What you should do: Restate each record below word for word, skipping images.

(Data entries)
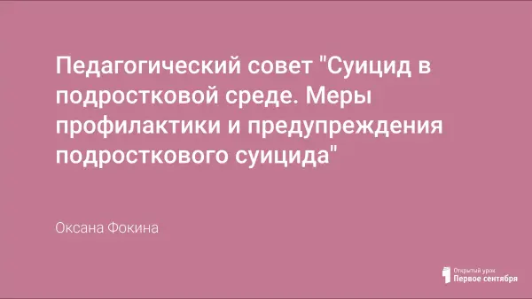 К концу педагогического совета участники получают представление о существовании проблемы подросткового суицида. Формируется понятие о подростковом суициде, его видах, причинах, признаках готовящегося самоубийства.
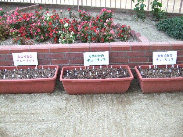 みんな、何色のチューリップが咲くのかウキウキ☆ワクワク★
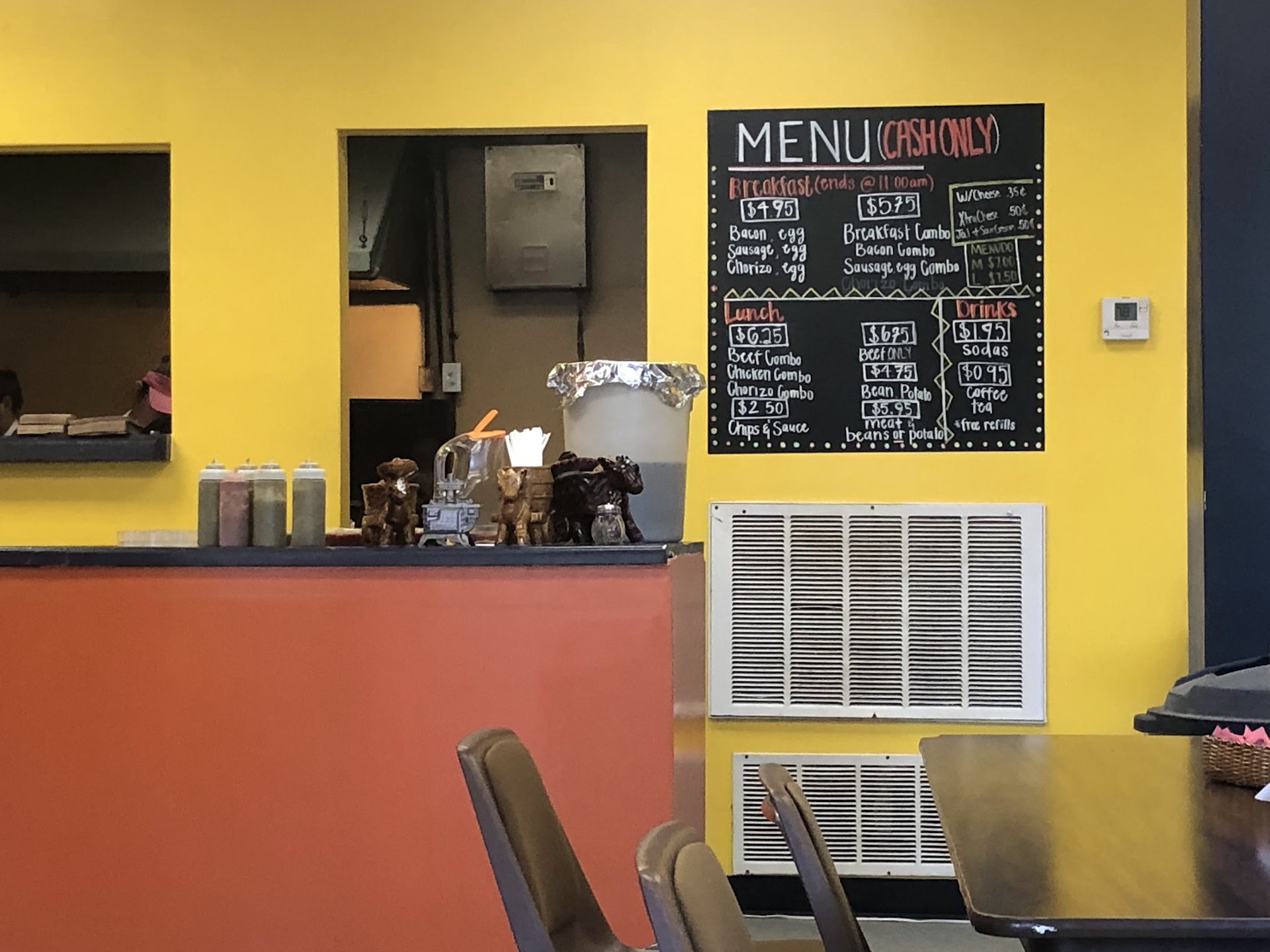Read moreClean, maybe a little dark, but good food considering the prices. I admit I was skeptical given the prices ($5.00 for one burrito) but wow! Worth it! The Burrito was massive, very well seasoned, and the optional salsa's on the side (mild & hot) were very tasty, not just bland heat. It didn't take long and was very good. The younger staff were VERY polite, the older staff as well, even if it does seem they don't really under stand me 😊 (I only speak English, Japanese, and French, and VERY little Spanish) but the food alone makes me want to learn Spanish just so I can fully convey how impressed I am! (Perhaps get a debit...
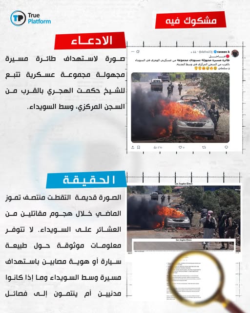 التفنيد الذي أجرته منصة «ترو بلاتفورم» أظهر أن الصورة قديمة، وتعود لمقاتلين من البدو والعشائر بجانب سيارة محترقة عند المدخل الغربي للمدينة في منتصف تموز/ يوليو 2025.
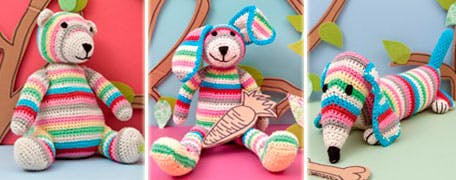 FARVESKIFT - FM: For at få pænest farveskift hækles sidste fm på omg således: Stik nålen ind i sidste m, hent tråden, lav et omslag med den nye farve og træk den gennem alle m på nålen. Fortsæt til næste omg med den nye farve.
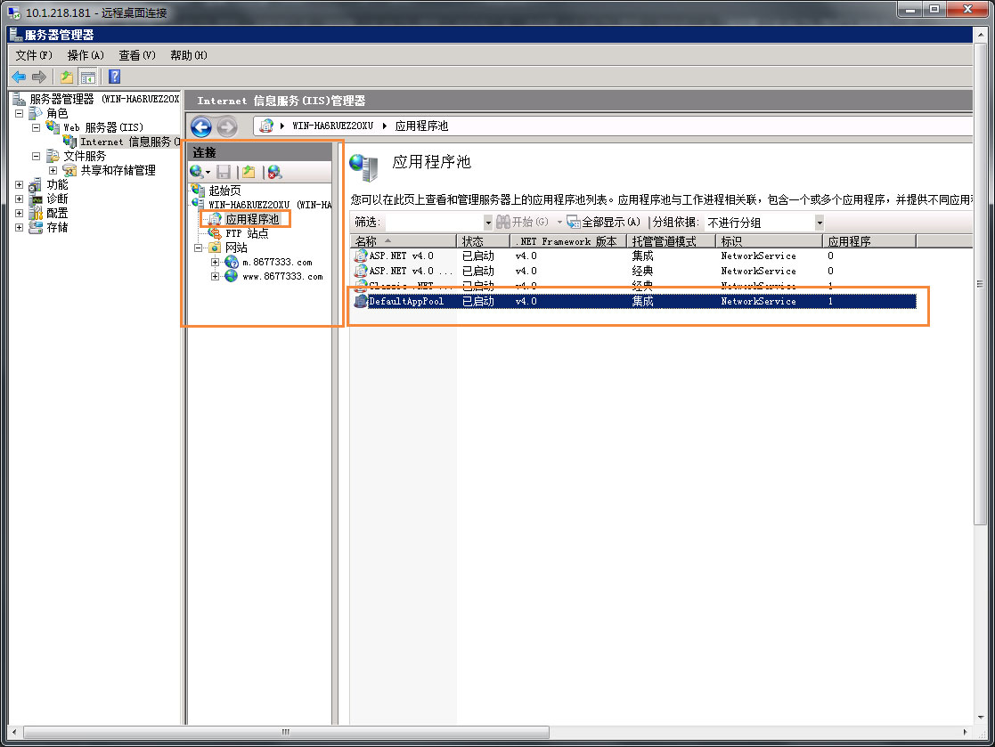4、查看刚才建网站所用的应用程序池,更改应用程序池配置:

Response to the task:
 К концу педагогического совета участники получают представление о существовании проблемы подросткового суицида. Формируется понятие о подростковом суициде, его видах, причинах, признаках готовящегося самоубийства.
 みんな、何色のチューリップが咲くのかウキウキ☆ワクワク★
Read moreClean, maybe a little dark, but good food considering the prices. I admit I was skeptical given the prices ($5.00 for one burrito) but wow! Worth it! The Burrito was massive, very well seasoned, and the optional salsa's on the side (mild & hot) were very tasty, not just bland heat. It didn't take long and was very good. The younger staff were VERY polite, the older staff as well, even if it does seem they don't really under stand me 😊 (I only speak English, Japanese, and French, and VERY little Spanish) but the food alone makes me want to learn Spanish just so I can fully convey how impressed I am! (Perhaps get a debit...
 التفنيد الذي أجرته منصة «ترو بلاتفورم» أظهر أن الصورة قديمة، وتعود لمقاتلين من البدو والعشائر بجانب سيارة محترقة عند المدخل الغربي للمدينة في منتصف تموز/ يوليو 2025.
 FARVESKIFT - FM: For at få pænest farveskift hækles sidste fm på omg således: Stik nålen ind i sidste m, hent tråden, lav et omslag med den nye farve og træk den gennem alle m på nålen. Fortsæt til næste omg med den nye farve.
4、查看刚才建网站所用的应用程序池,更改应用程序池配置:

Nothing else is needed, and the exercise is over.